My legs were too short.

I was five years old, just started school. Plodding home up the dusty track from the school bus I could not keep up with my sister (just turned 15). She disappeared around the bend in the road ahead of me, and I dragged on in the heat and the dust.

I couldn't kick a football.

It was Grade 3 and the boys and girls were now segregated in the school-yard. The teacher gave daily lectures about what she would do to any boys caught playing with the girls. The other boys disappeared after their footies each lunch-time while I surreptitiously talked to one of the girls. My big brother played football when he was home from Adelaide on the week-ends, but didn't have time or patience to teach us 'little ones', ("little shits,") to play.

When I was 10 years old I had a crush on another boy. His name was Rene, he had a perfect tan and glasses.
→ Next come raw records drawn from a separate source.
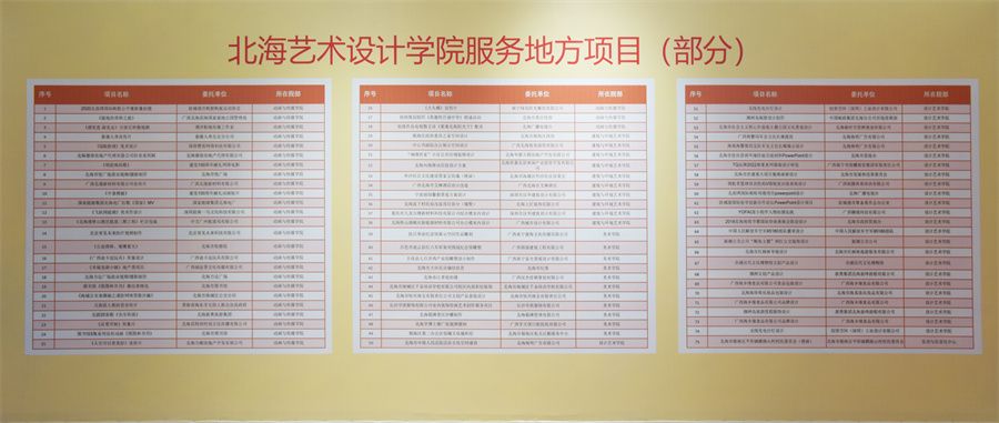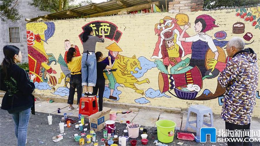 依托艺术专业优势,先后参与了北海赤西村、疍家小镇等多项城乡彩绘工程,为北海创城及多家政企事业单位提供品牌、宣传及导视系统设计方案,以设计助力北海精神文明、文化旅游发展及乡村振兴建设。
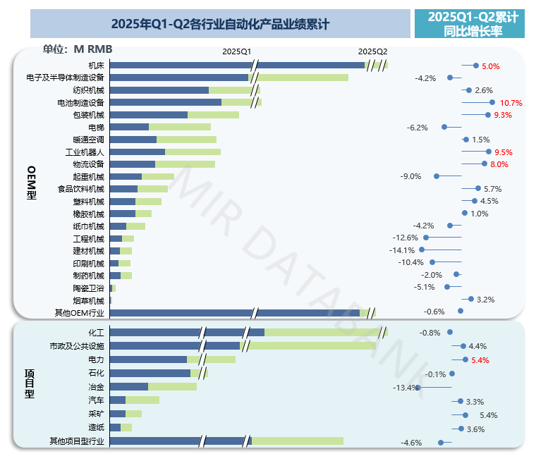 2025年上半年,关税战对中国自动化市场产生的影响弱于预期,市场短暂性回暖。根据MIR DATABANK最新数据显示,中国自动化市场一季度同比增长2.4%,二季度同比下降1.5%。
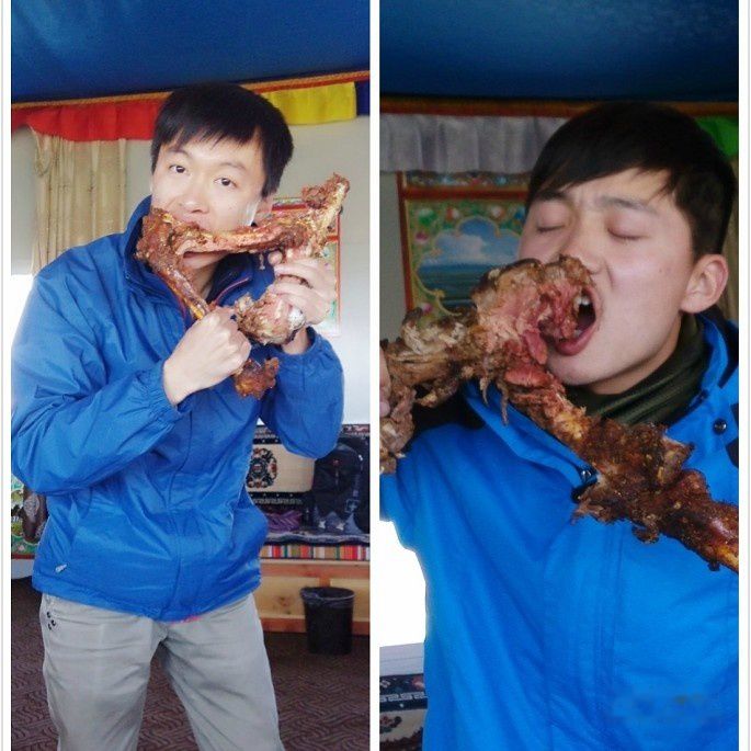 等了俩小时的烤羊腿不负众望,蘸着盐胡椒粉吃够香,够有嚼劲,特色藏面够正宗,还有糌粑,每个菜的味道都是极好哒!奇虎不停用刀削肉,差点跟不上大家吃,真心记不清我到底吃了多少牛肉。这一顿吃的真心爽,喝的真心H!对酒当歌唱出心中喜悦,轰轰烈烈把握青春年华
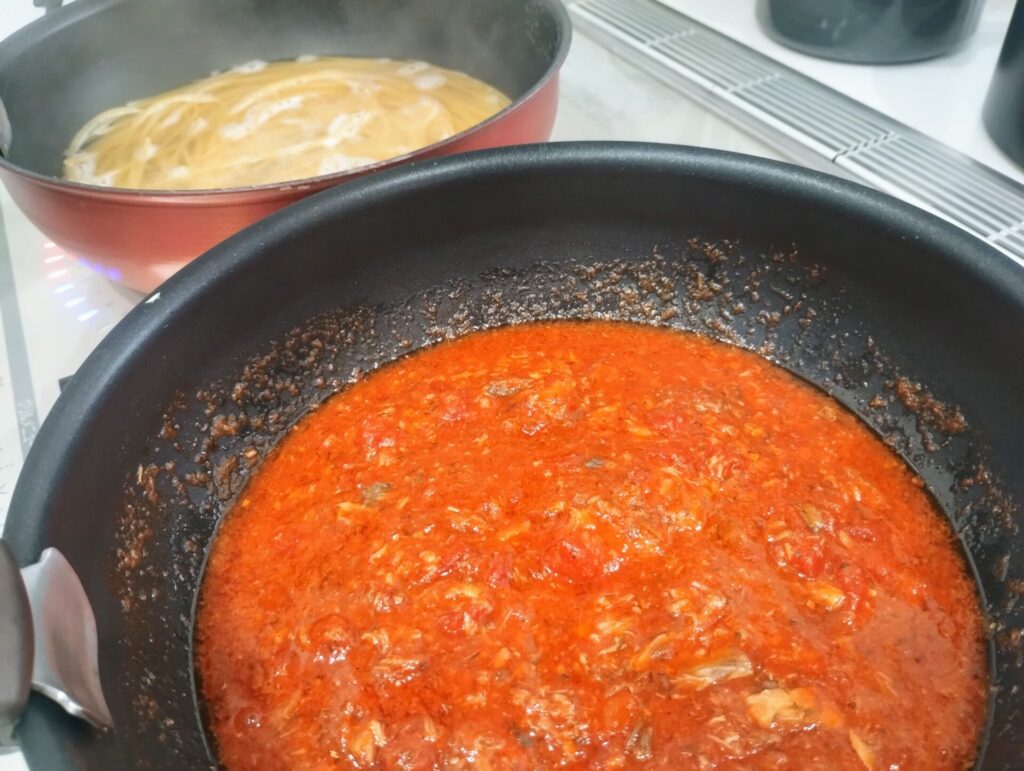 🔸ソースの水分をしっかり飛ばす(トマトとサバを合わせたら、少しとろみが出るまで煮詰めると味が凝縮されて濃厚なソースになります。)
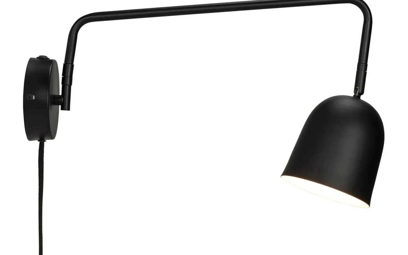 Vägglampa med bra ”arm” för läsningen. Lamphuvudet kan flyttas med plats och vridning. On/off placeras på väggtaket.
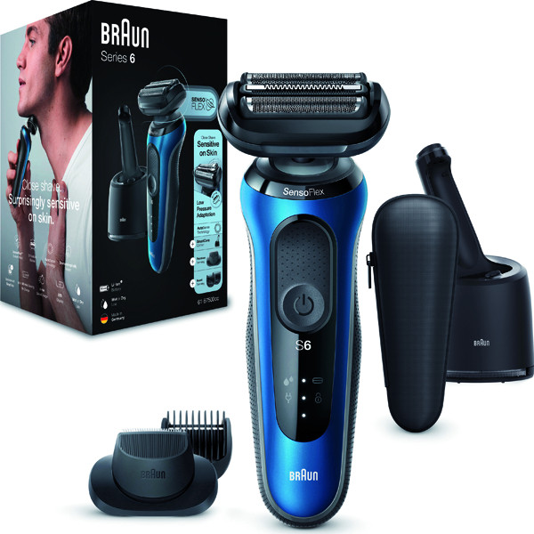 gründliche und sanfte Rasur dank des dermatologisch getesteten beweglichen SensoFlex-Scherkopfes und SensoFoil-Klingen, die eine Druckanpassung ermöglichen, AutoSense-Technologie erkennt die Bartdichte und passt die Leistung entsprechend an, EasyClick-System (kann mit einem einfachen Klick umgerüstet und die Aufsätze ausgetauscht werden), inkl. Präzisionstrimmer-Aufsatz und Barttrimmer-Aufsatz für Bärte von 0,5 mm bis 7 mm, 100 % wasserdicht, Li-ION-Akku, Akkukapazität 50 Min., Schnell-Ladefunktion für eine Rasur 5 Min., 4-in-1 Reinigungsstation (SmartCare Center), Netzteil, Reise-Etui, Made in Germany
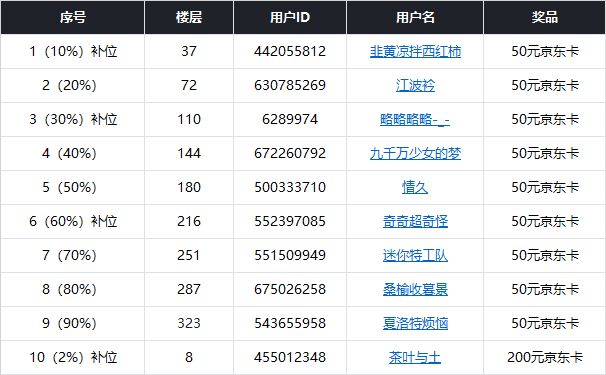 1.凡是踩中总楼层10%、20%、30%、40%、50%、60%、70%、80%、90%(楼层数四舍五入)共9名且符合活动格式的将军,都能获得50元京东卡奖励;
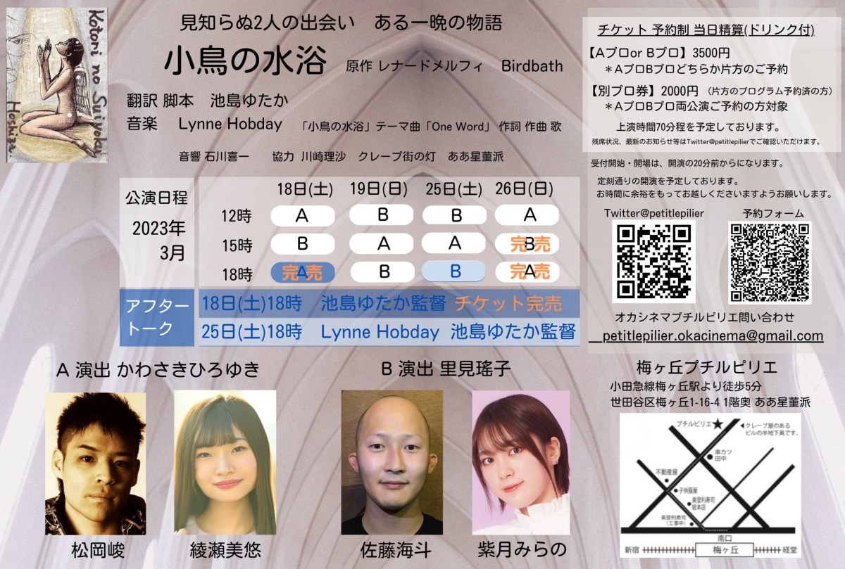 *開演の1時間前まで受付しております。それ以降はpetitlepilier.okacinema@gmail.com

I was so besotted I started writing a diary describing what he wore to school each day, and recording our very brief conversations. I begged my mother to let me have my first ever birthday party- just so I could invite him home. I had the party, but he didn't come. I realised that my feelings were 'different' to other boys.

One school holidays my mother and I saw a man wearing make-up and carrying a hand-bag in the main street of my home town- not a common sight in a country town in the 1970s. We were laughing about it over the dishes that night. My father said, 'I don't EVER want to see you dressed like that!'. That hurt - it still does. I have often thought my father knew all along that I was gay, and maybe blamed himself for it.

From my early teens I started having crushes- on teachers, school mates- none of them ever knew. For over twenty years this was the state of play for me. It was all a deep, dark secret, I dreaded to think what people would think of me if they knew about my feelings for other men.

Then, when I was almost 30, I told my closest friend- he said he had always known. He was incredibly supportive. I told one or two other friends, including two sisters I knew. I had to tell the second sister when I could see she was pretty obviously thinking I was boyfriend material.

At age 36 I met my first boyfriend- at church, of all places. Our friendship was developing and we found we had more than just religion in common. We were both bowled over- I was walking around a few inches off the ground. He was older than me, but I was his first boyfriend too. We went out for six months. I met two gay friends of Rodney's who put me in touch with the Bfriend project at Adelaide Central Mission.

It took a lot of courage to phone up Desmond at Bfriend, but I felt at ease as soon as I walked into his office. I met other men at a dinner. 'They all seem normal!' I said on the phone to a friend in Canberra. He laughed, 'Well Anthony, you're pretty normal yourself, you know!' It was 2000- an exciting new millennium. I went to workshops and dinners, and to the Uniting Church 'Daring' conference on the Queen's Birthday week-end. I felt I had found 'my own people' at last, that I had never felt so at home, so completely myself.

I said to Rodney, 'You have opened up the world for me.' I am very glad I told him that, because a few months later he took his own life.

After this event I began to care a lot less about 'what people might think.' I just thought, bugger it! I began telling my family, work-mates, new people I met. It felt good. A counsellor who was helping me with Rodney's death and other issues said, 'You are coming home to yourself', 'At this rate we are going to have to burn that closet,' another friend said.

Some people were surprised when I told them I was gay, some were not. An old man genuinely wanted to understand, 'You know, heterosexual men have a roving eye - they are always looking at women.' Lowering his voice, he said to me, 'Is it like that for you- only it's other men?' In this same very public (church) forum, I made a statement: 'I am gay and I am a Christian.' Afterwards I said to a friend who is always encouraging everyone he knows to be very out, 'Is that out enough for you?!'

One day at church I ran into someone who years and years ago was in my youth group. 'So, have you got a girl?' he said. I took a deep breath, 'No - actually I'm gay.' 'Oh - I didn't know that. Well, have you got a boy?' It was beautiful. Short legs had not scarred me for life after all. Around this time a friend at work even taught me how to kick a football.